▶ **Assigned task**:
Every line below from the one containing "CE1, Mint VF" through the one containing "Soie à décor" is to be printed exactly, with the pictures omitted.

BEGIN Provided entries

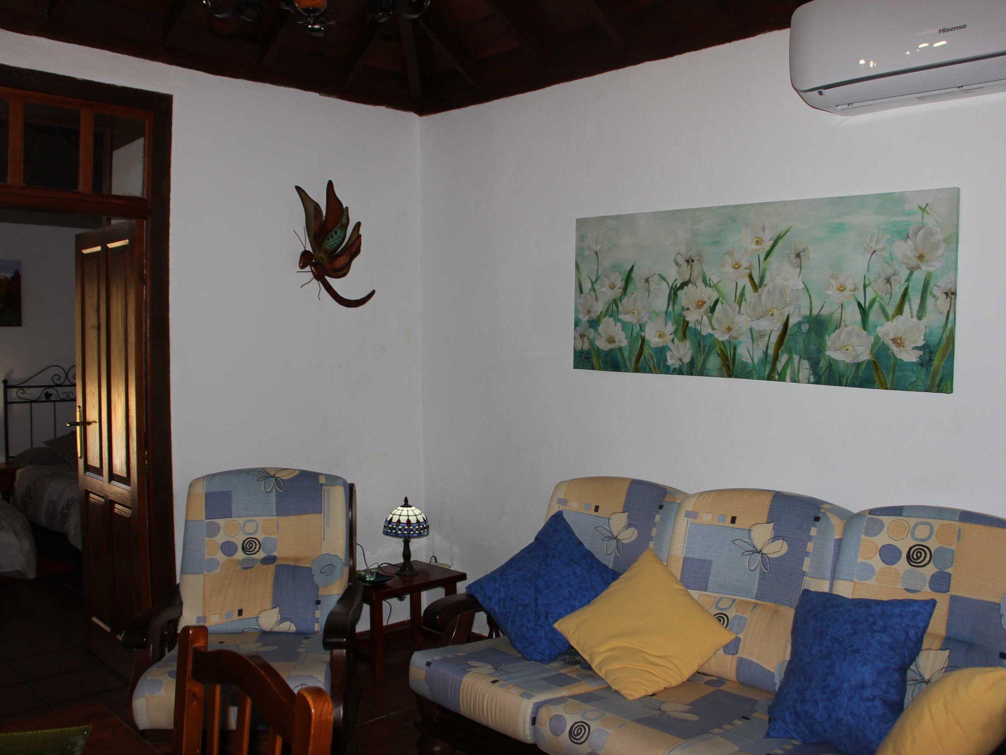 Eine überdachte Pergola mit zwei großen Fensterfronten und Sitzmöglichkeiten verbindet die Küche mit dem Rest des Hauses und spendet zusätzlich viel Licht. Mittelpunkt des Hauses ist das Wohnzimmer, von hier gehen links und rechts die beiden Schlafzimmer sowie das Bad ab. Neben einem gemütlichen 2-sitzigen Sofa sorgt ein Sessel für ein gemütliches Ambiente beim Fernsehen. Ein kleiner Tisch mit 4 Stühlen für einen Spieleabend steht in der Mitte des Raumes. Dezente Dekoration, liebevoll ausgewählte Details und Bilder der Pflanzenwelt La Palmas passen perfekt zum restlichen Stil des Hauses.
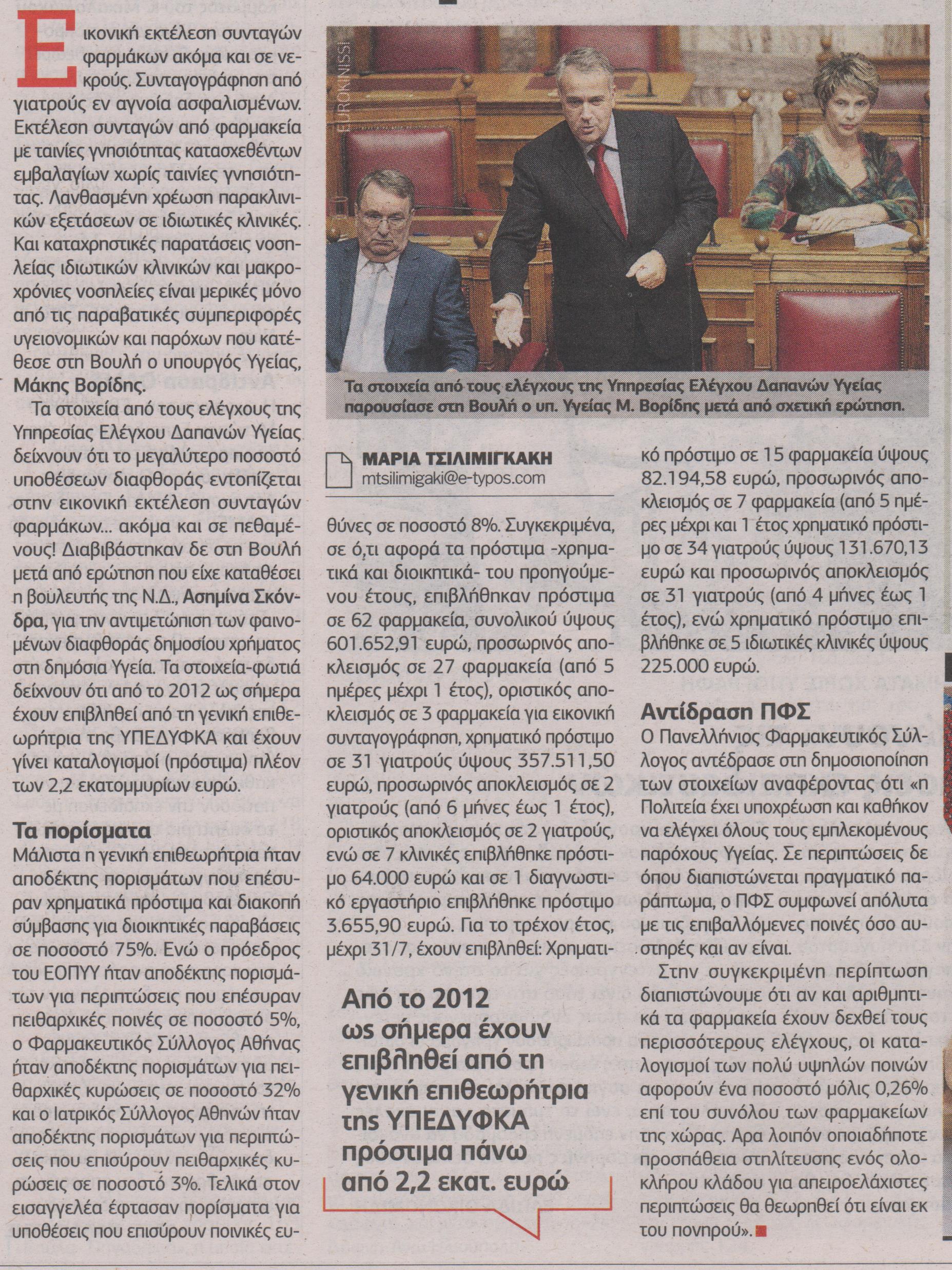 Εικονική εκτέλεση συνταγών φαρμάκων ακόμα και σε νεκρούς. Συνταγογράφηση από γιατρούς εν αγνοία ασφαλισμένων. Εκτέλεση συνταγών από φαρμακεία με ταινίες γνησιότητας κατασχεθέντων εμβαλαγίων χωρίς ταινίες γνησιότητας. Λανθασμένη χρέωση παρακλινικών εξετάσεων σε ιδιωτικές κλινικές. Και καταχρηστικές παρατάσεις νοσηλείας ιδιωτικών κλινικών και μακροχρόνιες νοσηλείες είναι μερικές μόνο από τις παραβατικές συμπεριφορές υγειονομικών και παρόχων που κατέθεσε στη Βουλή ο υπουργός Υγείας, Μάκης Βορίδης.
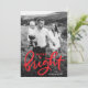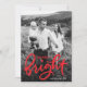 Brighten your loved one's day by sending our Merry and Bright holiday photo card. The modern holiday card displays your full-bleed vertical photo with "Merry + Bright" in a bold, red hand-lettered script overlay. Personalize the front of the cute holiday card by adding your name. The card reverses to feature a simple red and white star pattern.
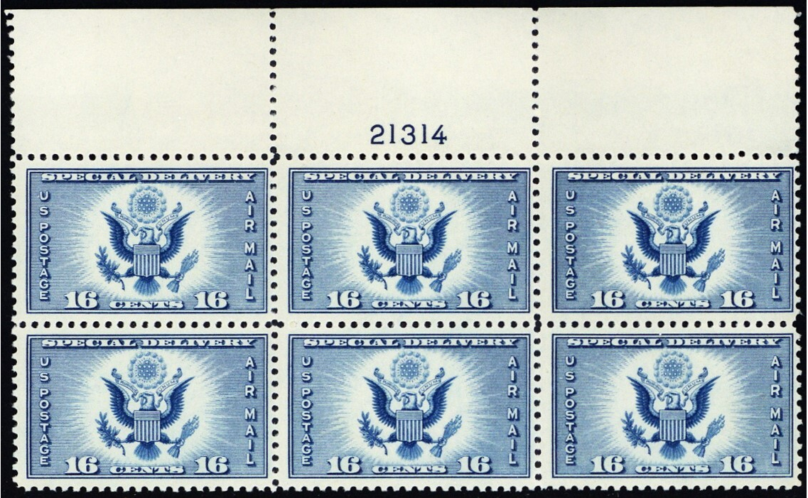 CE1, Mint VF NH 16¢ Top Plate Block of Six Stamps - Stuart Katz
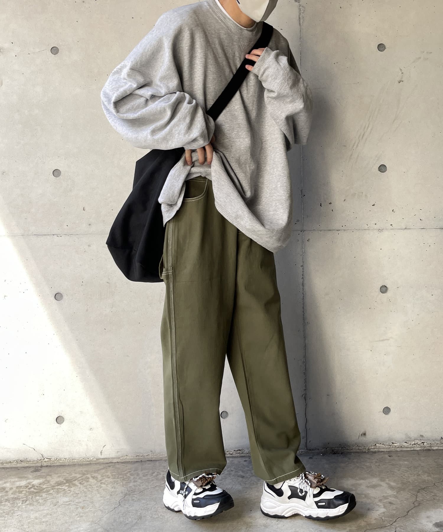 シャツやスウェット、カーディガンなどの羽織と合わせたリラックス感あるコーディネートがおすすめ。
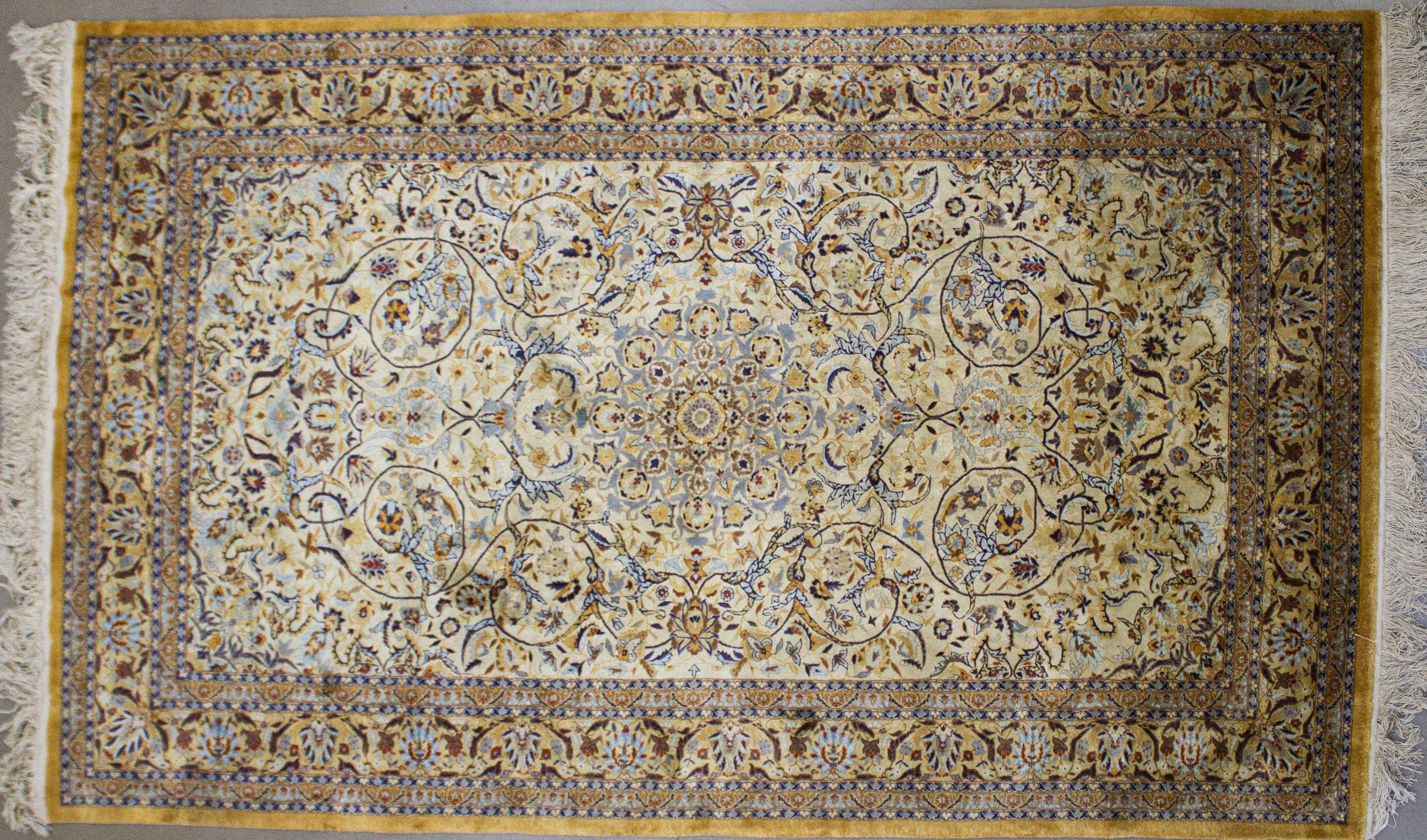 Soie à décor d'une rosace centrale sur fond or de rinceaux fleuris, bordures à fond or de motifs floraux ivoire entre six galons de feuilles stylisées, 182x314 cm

END Provided entries
BEGIN Provided entries

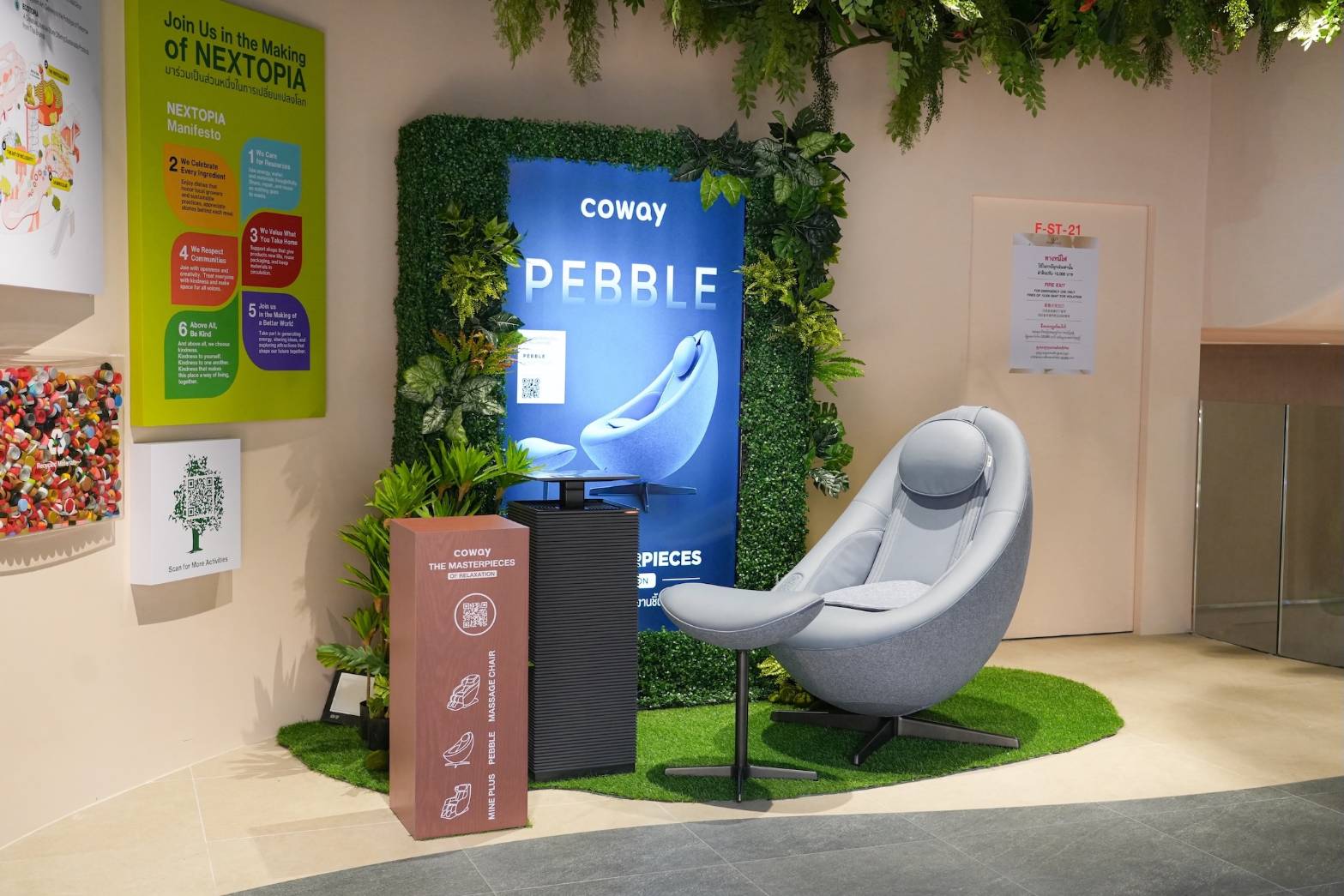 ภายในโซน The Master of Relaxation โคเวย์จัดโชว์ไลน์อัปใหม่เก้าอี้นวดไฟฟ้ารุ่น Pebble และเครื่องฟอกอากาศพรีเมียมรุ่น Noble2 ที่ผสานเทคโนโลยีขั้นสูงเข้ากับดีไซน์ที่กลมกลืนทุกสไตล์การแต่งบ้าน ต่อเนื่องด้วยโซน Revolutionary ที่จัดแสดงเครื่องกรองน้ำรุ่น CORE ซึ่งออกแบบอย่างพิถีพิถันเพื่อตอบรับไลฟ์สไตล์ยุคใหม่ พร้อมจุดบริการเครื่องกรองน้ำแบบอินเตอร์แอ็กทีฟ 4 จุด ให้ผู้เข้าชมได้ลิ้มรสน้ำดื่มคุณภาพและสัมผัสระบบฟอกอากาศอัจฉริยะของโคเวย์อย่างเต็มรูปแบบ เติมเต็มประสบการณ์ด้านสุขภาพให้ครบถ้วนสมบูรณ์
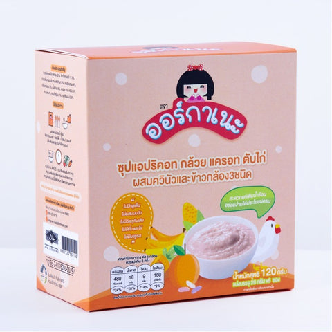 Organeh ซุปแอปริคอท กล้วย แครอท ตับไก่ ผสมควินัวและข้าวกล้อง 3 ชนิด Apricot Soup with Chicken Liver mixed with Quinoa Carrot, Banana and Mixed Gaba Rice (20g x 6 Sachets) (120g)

END Provided entries

▶ **Task solution**:
 CE1, Mint VF NH 16¢ Top Plate Block of Six Stamps - Stuart Katz
 シャツやスウェット、カーディガンなどの羽織と合わせたリラックス感あるコーディネートがおすすめ。
 Soie à décor d'une rosace centrale sur fond or de rinceaux fleuris, bordures à fond or de motifs floraux ivoire entre six galons de feuilles stylisées, 182x314 cm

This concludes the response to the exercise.